# What to work on
An exact retyping of all lines below is the answer; pictures do not belong in it.

# Data
◆ ◆ ◆ ◆ ◆ ◆ ◆

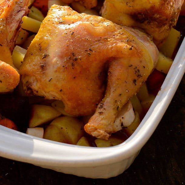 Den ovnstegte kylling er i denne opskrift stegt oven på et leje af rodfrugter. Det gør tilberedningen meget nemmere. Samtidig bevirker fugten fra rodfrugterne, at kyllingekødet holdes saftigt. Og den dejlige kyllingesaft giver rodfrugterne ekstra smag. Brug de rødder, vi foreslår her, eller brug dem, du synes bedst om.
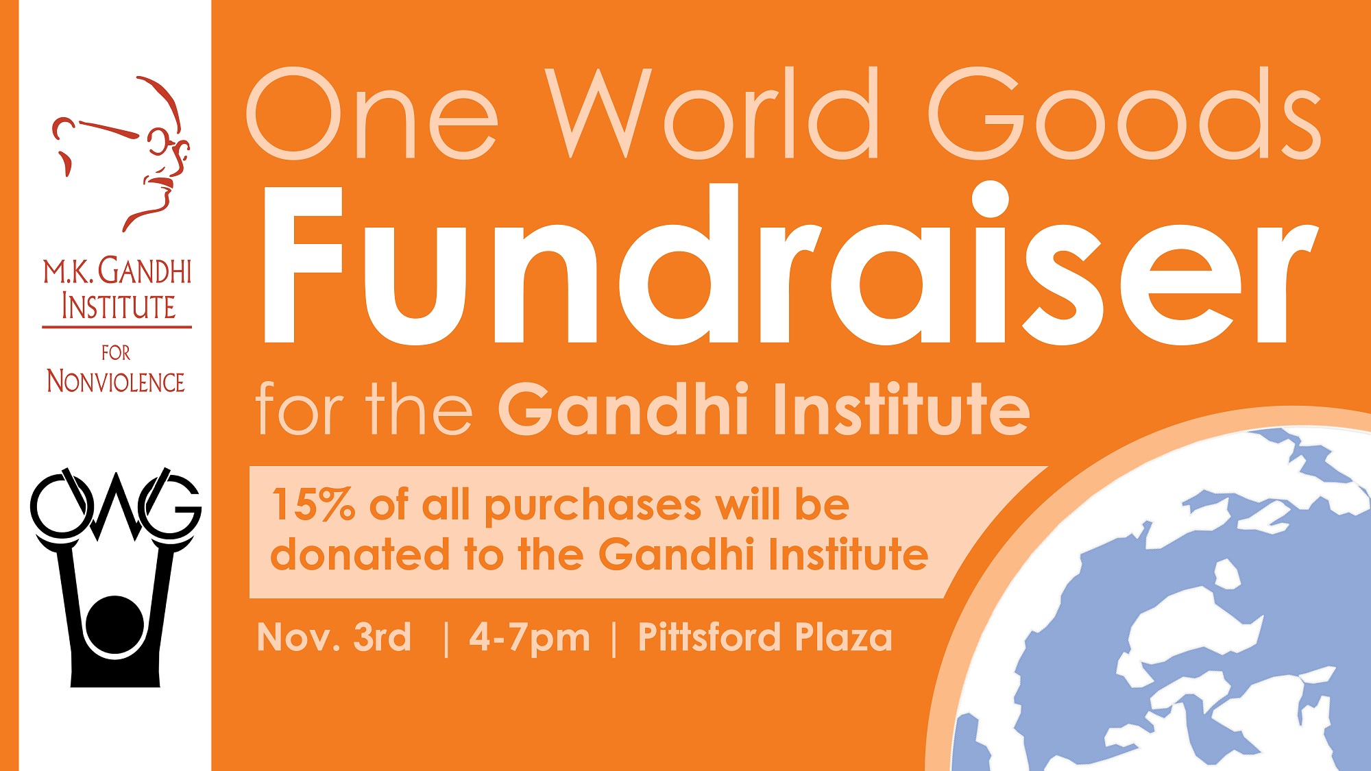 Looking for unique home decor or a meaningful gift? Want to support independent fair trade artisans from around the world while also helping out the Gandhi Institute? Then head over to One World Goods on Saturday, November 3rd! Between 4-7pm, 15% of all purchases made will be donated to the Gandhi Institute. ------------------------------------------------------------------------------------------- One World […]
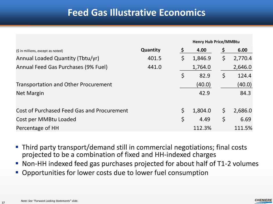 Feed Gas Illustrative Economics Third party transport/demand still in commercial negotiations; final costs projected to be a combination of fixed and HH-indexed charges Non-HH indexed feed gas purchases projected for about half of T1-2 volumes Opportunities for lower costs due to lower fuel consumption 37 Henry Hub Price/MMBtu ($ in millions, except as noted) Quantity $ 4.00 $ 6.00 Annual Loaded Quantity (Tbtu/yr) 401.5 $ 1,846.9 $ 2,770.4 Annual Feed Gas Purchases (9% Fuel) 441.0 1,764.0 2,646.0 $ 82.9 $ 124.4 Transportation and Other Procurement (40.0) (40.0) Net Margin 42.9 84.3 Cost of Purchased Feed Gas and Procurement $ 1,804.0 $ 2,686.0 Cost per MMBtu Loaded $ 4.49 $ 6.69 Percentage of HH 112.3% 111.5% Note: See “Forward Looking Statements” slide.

◆ ◆ ◆ ◆ ◆ ◆ ◆

# Answer below
 Den ovnstegte kylling er i denne opskrift stegt oven på et leje af rodfrugter. Det gør tilberedningen meget nemmere. Samtidig bevirker fugten fra rodfrugterne, at kyllingekødet holdes saftigt. Og den dejlige kyllingesaft giver rodfrugterne ekstra smag. Brug de rødder, vi foreslår her, eller brug dem, du synes bedst om.
 Looking for unique home decor or a meaningful gift? Want to support independent fair trade artisans from around the world while also helping out the Gandhi Institute? Then head over to One World Goods on Saturday, November 3rd! Between 4-7pm, 15% of all purchases made will be donated to the Gandhi Institute. ------------------------------------------------------------------------------------------- One World […]
 Feed Gas Illustrative Economics Third party transport/demand still in commercial negotiations; final costs projected to be a combination of fixed and HH-indexed charges Non-HH indexed feed gas purchases projected for about half of T1-2 volumes Opportunities for lower costs due to lower fuel consumption 37 Henry Hub Price/MMBtu ($ in millions, except as noted) Quantity $ 4.00 $ 6.00 Annual Loaded Quantity (Tbtu/yr) 401.5 $ 1,846.9 $ 2,770.4 Annual Feed Gas Purchases (9% Fuel) 441.0 1,764.0 2,646.0 $ 82.9 $ 124.4 Transportation and Other Procurement (40.0) (40.0) Net Margin 42.9 84.3 Cost of Purchased Feed Gas and Procurement $ 1,804.0 $ 2,686.0 Cost per MMBtu Loaded $ 4.49 $ 6.69 Percentage of HH 112.3% 111.5% Note: See “Forward Looking Statements” slide.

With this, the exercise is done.